Zach Pollack

Chef

Anyone who’s met Zach Pollack will tell you he’s obsessed with Italian tradition. And if you’ve eaten at one of his award-winning restaurants in Los Angeles, you know that with obsession comes perfection and a really delicious plate of pasta. That passion and expertise has earned him Los Angeles Magazine’s “Top 10 Best New Restaurants,” a spot on Forbes’ “30 Under 30,”  and a nomination for the James Beard Foundation’s “Rising Star Chef of the Year” award. Yeah, Zach is not messing around when it comes to the perfect red sauce.

When the Los Angeles native touched down in Italy back in 2004, he knew he wanted to build something. It just so happens that his aspirations of being an architect were quickly sidelined when he fell in love with the Italian rituals of dining—the way they engage with their food and drink, the opinions a dish forms, the history that a cuisine evokes. It was then his taste buds told him he was going to become an Italian chef—a damn good one.

Why We Love Zach Pollack

Zach spent a large chunk of his 20s living in and working in Italy, and it has inspired him in so many ways. That, plus his boundless energy and creativity. Zach is the real deal.

“You know the meal you’re about to have in Italy is going to be satisfying not just to the palate but to the soul.”

“It was the food and wine that really captivated me, stopped me in my tracks. The way Italians engage with it, the way they talk about it, the opinions it informs, the history it evokes, and the time they dedicate to the ritual of eating and drinking.”

6 Questions with Zach Pollack

  1. You went to Italy to study to be an architect. Fast forward: You’re an acclaimed chef known for your Italian fare. How did that happen?

    The switch from architecture to cooking was more seamless than you might think. They’re both creative fields, but they also require a lot of left brain thinking, a lot of rules, and a lot of boundaries. I’ve found I need boundaries to be creative.

  2. You have two acclaimed restaurants in LA. Is one more Italian than the other?

    Alimento is more of a creative outlet where I can put whatever is inspiring me on the plate. Living in LA, it’s hard to not be inspired by the many cultures that call this city home, and that’s reflected on the menu. There’s usually an Italian bent to the dishes, but it’s not a strictly Italian restaurant. Cosa Buona’s mission is to be the best neighborhood pizzeria we can be, and serve it all up with easy-drinking wine and warm hospitality.

  3. You spent a chunk of your 20s cooking in Italy. Any fond memories?

    One time the chef’s sister—a woman in her 70s who was the restaurant’s dishwasher—insisted on serving me her food, cucina casalinga (meaning not the fancy stuff I was making at the restaurant). After a long shift, we biked back to her house, riding through a night haze thick with pig shit (that’s how you know you’re in the Po Valley). She proceeded to hand-roll half a dozen different pastas, each sauced and served differently. We washed it down with an unlabeled bottle of wine made from her neighbor’s vines and ended things with a crostata of plums from the little tree in her yard. It was one of those unicorn eating experiences you can spend a life chasing and never find. Then there was the time I chopped off a piece of my thumb and the guy who offered to drive me to the hospital totaled his Fiat after stopping for cigarettes, as I bled out in his car.
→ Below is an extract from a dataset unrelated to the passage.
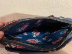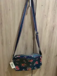 Bolsa pequeña (23 cmx20 cm) pero espaciosa, color azul con estampado floreado y correa ajustable. Tiene dos compartimentos uno con cierre y otro con broche magnético. Nueva con etiqueta
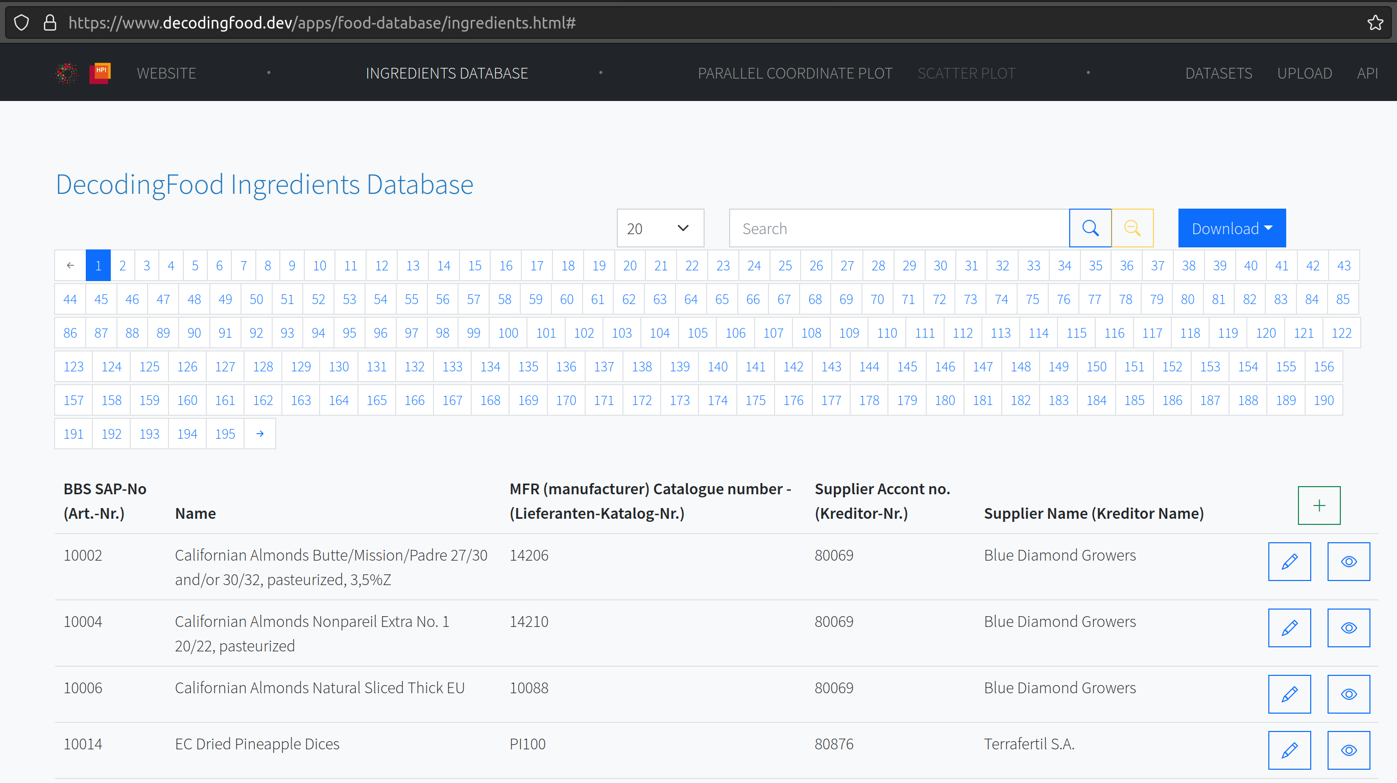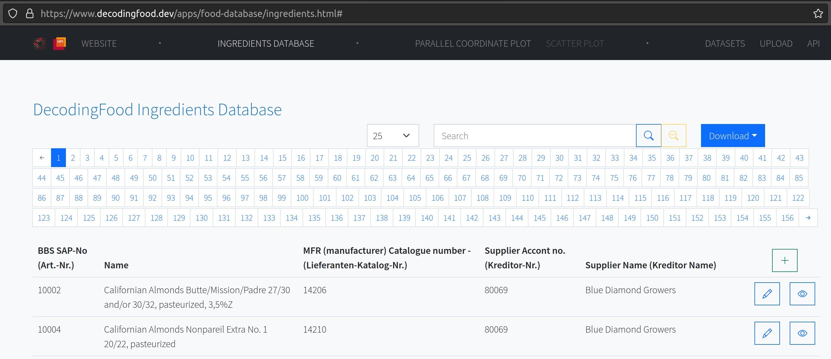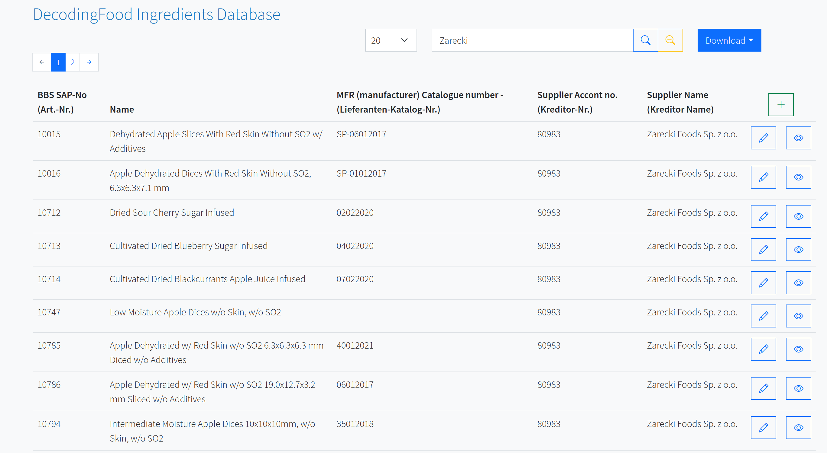 Übersicht der Zutatendatenbank zur manuellen Bearbeitung. Es werden 20 Zutaten pro Seite angezeigt (konfigurierbar über Dropdown). Über der Tabelle kann durch die Seiten navigiert werden. Ebenso können über das grüne Plus in der Titelzeile der Tabelle neue Zutaten angelegt werden (keine Synchronisation mit SAP, jetzt eher als Testzweck zu verstehen).

  4. What are three things that inspire you to create?

    Reading cookbooks, eating food cooked by someone else, and traveling.

  5. This isn’t your first trip to Sicily. What’s exciting about this time?

    It’s one of my favorite regions in Italy, but because of its size and location, it can be hard to work it into a trip to the mainland. As a result, I haven’t been there in more than 10 years. And while I love the entire island, the southeastern part where this trip is focused holds a special place in my heart, both because it’s where I worked, and because it’s simply the best (but don’t tell a Palermitano that!).

  6. What is your most treasured possession?

    In the kitchen, probably my Takeda knife collection. They’re the best knives I’ve ever used—and I’ve used a few. Outside the kitchen, my Tonal exercise machine. I wish that were a sponsorship, but it isn’t, sadly.